They give me 6 pieces of information: sustained sequential read and write
throughput (at different LBA offsets), read and write latency (4kB I/O with
queue depth of 1), and random read and write IOPS (4kB I/O with queue depth of
at least 32, and, if necessary, using random data to characterize the
effectiveness of any dedup/compression feature).

That's it. Once I have these 6 synthetic results, that gives me more and
better information than 9 out of 10 benchmarking articles on the Net.

I usually don't need more complex synthetic benchmark results (eg. x% read /
y% write).
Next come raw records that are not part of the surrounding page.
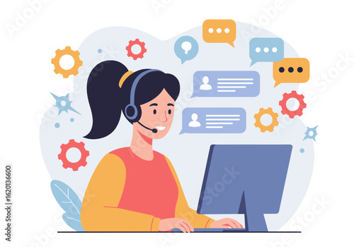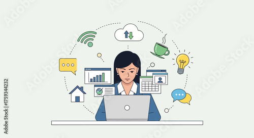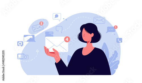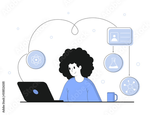 Female writer experiencing creative crisis or block, flat vector illustration. Sad woman sitting at table with clean sheet of paper on it. Creativity crisis, anxiety, fatigue, headache, depression.
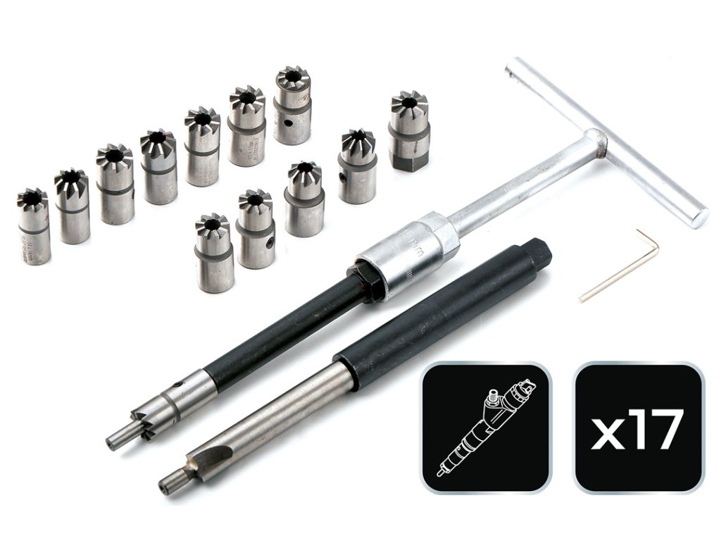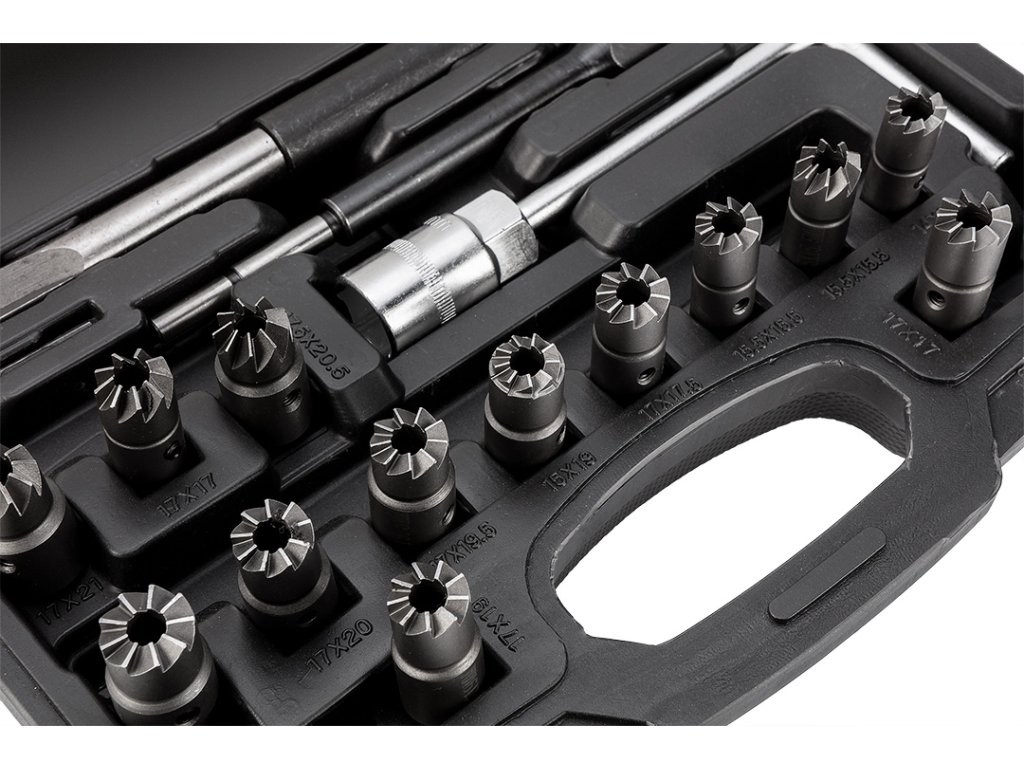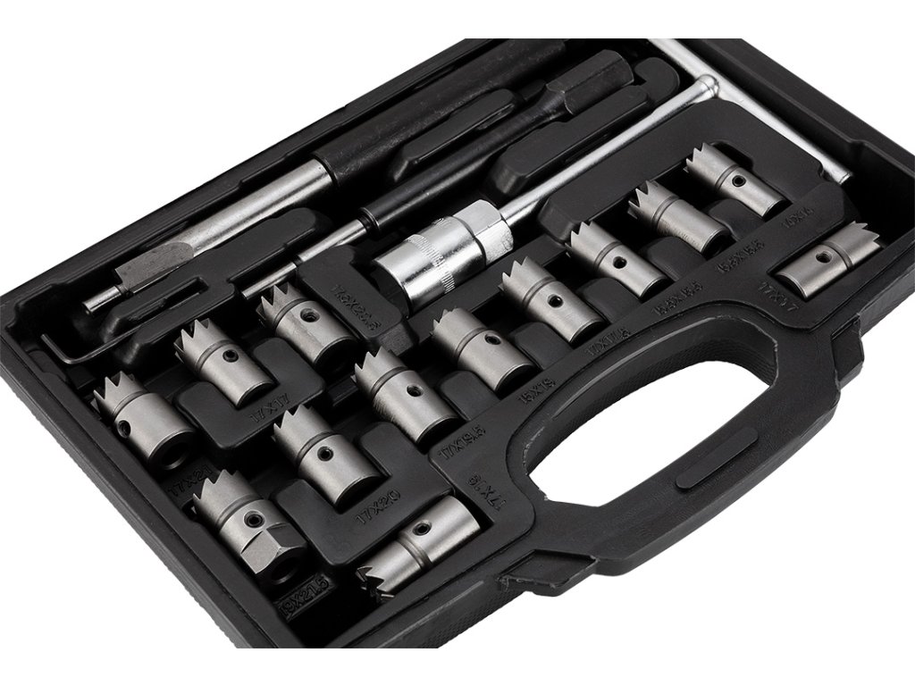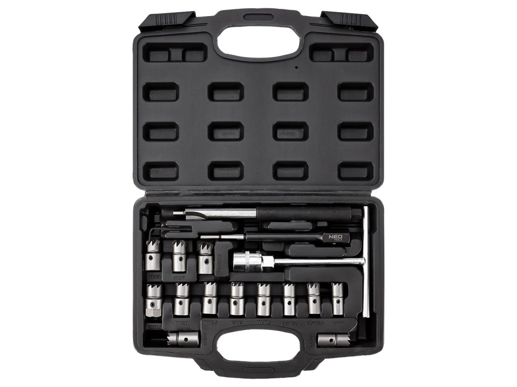Frézy na čistenie vstrekovacích zásuviek - sada 17 ks. NEO určený na odstraňovanie usadenín zo zásuviek vstrekovačov. Tým sa uľahčí montáž vstrekovača do zásuvky. Určené pre väčšinu osobných automobilov. Sada je balená v kufríku.
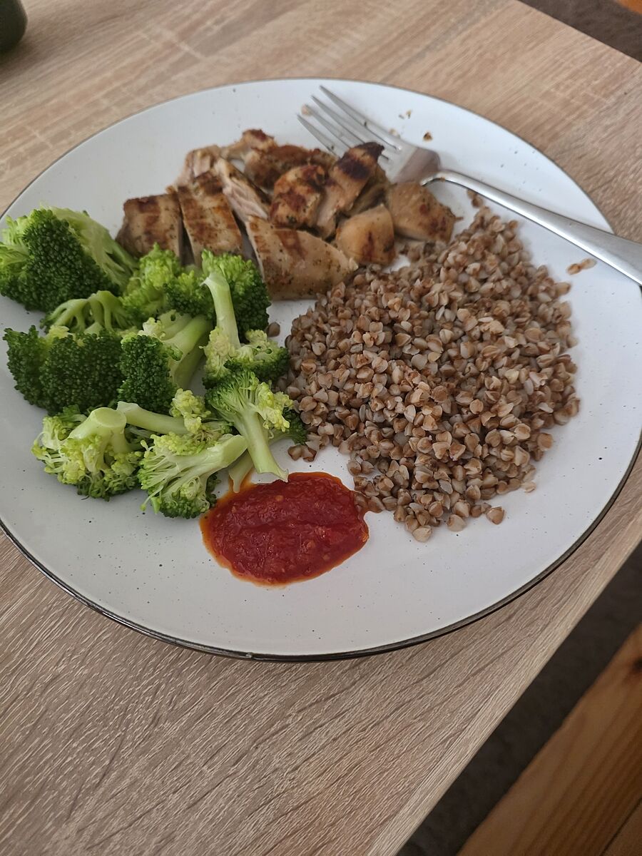 Мясо замариноване стоїть в холодильнику завжди. Кинула на гриль, броколі в воду. Гречка на ніч залита кипятком
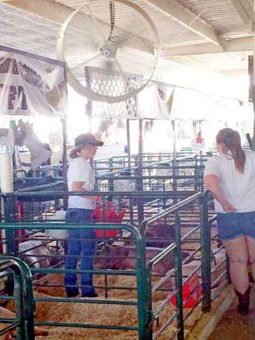 Haile and Womack, along with others showing pigs, help the animals stay cool by routinely misting them.
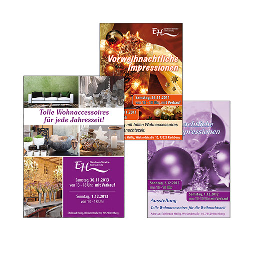 Zeitungsanzeige, Einladungs-Postkarte, Klappflyer
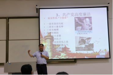 此后,许彦彬教授为大家做了题为《中国共产党为什么能?》的辅导讲座。许教授从五个维度论证了中国共产党为什么能:为什么没有共产党就没有新中国、为什么共产党能走在时代的最前沿、为什么共产党能经得起风浪、共产党为什么能得到人民的拥护、共产党为什么能永葆青春。许教授结合百年党史,以朴实的语言、生动的事例为大家做了精彩讲解,给同学们留下了深刻印象,会场里响起经久不息的掌声。
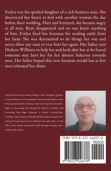 Evelyn was the spoiled daughter of a rich business man. She discovered her fiance in bed with another woman the day before their wedding. Hurt and betrayed, she became angry at all men. Ryan disappeared and no one knew anything of him. Evelyn fired her foreman for stealing cattle from her farm. She was determined to do things her way and never allow any man to ever hurt her again. Her father sent Hudson Williams to help her and look after her as he feared someone may hurt her for her abusive behavior towards men. Her father hoped this new foreman would last as few men tolerated her abuse.
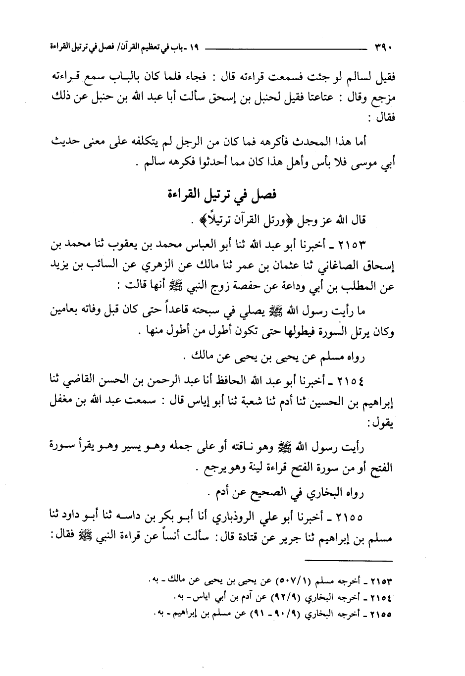 فصل في ترتيل القراءة ـ قال الله عز و جل { و رتل القرآن ترتيلا }
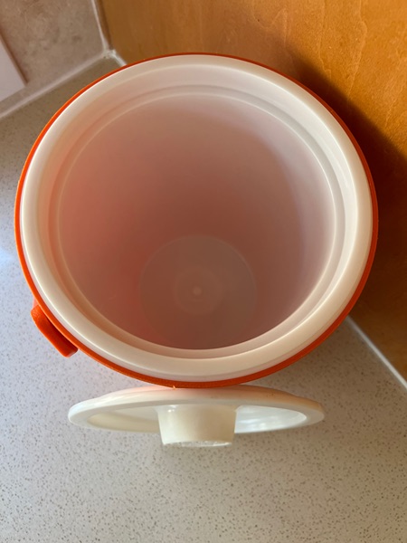 Retro style with white lid and handle. Great condition! 1970’s cool!…$20 firm
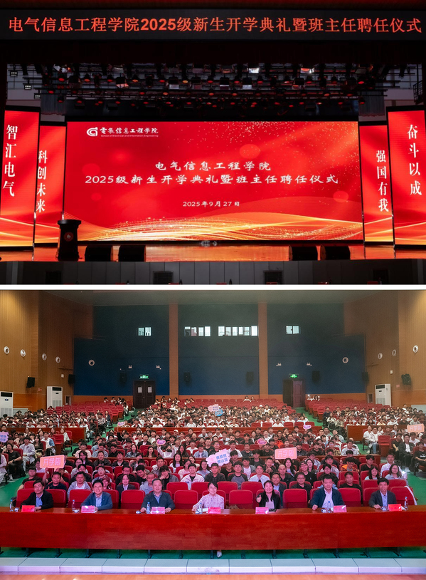 9月27日下午,电气信息工程学院2025级开学典礼暨班主任聘任仪式在东风校区大礼堂隆重举行。2025级本硕博新生怀着激动喜悦的心情,筑梦新征程、奋进再启航。学院领导班子、系主任、班主任代表、辅导员参加活动。典礼由党委副书记刘振卫主持。
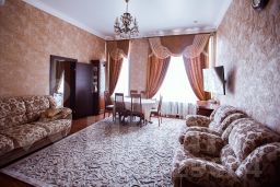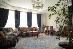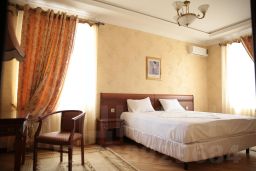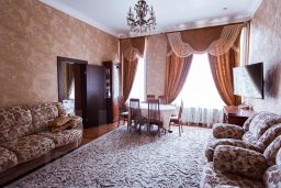 В номере присутствует: большая кровати, деван, два кресла, журнальныйс столик, обеденный стол со стульями, сеиф, два кондиционера, мини бар, большой телевизор со спутниковым телевидением, писменный стол, индивидуальные средства гигиены, фен, ванная, горячая холодная вода постоянно
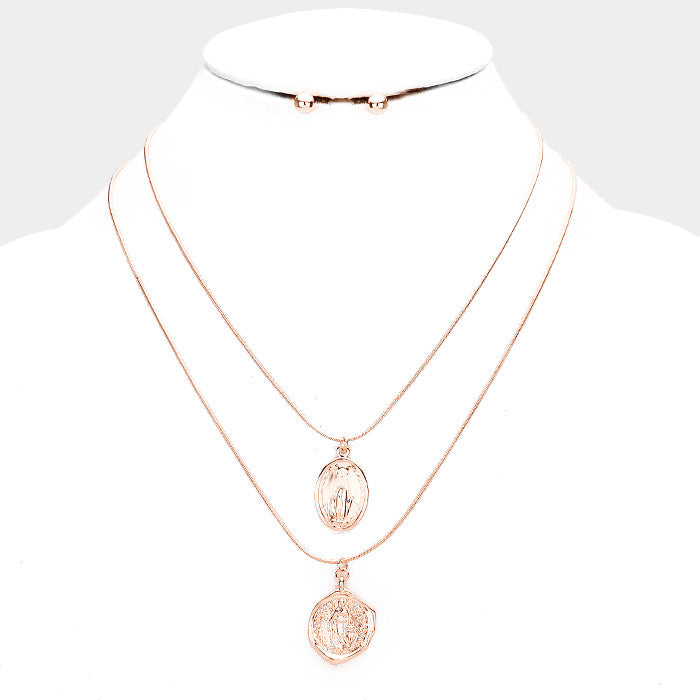 iLLASPARKZ Layered Saint Mary Pendants Bib Necklace

After that I simply test the real workload.

------
gopher
I've written a cross-platform, pure python benchmark for IOPS; see
[http://benjamin-schweizer.de/measuring-disk-io-
performance.h...](http://benjamin-schweizer.de/measuring-disk-io-
performance.html)

------
lutorm
One could also argue that if it's really that hard to tune your benchmarking
system to get the optimal results it's not really relevant to any real-life
task...

------
marapril
I really think real world app testing is the best way to test these things.
Important things like app launch times, boot times, performance the above
after the SSD has been aged. Average numbers matter way more than peak numbers
as peak numbers may last a fraction of the times as other measured rates.

------
kevinpet
Seems for most purposes, a simplistic benchmark that represents some realistic
scenarios is preferable to benchmarks designed to maximize performance
numbers.

------
stevek
Ouch, it looks like defragging your SSDs became worthwhile again!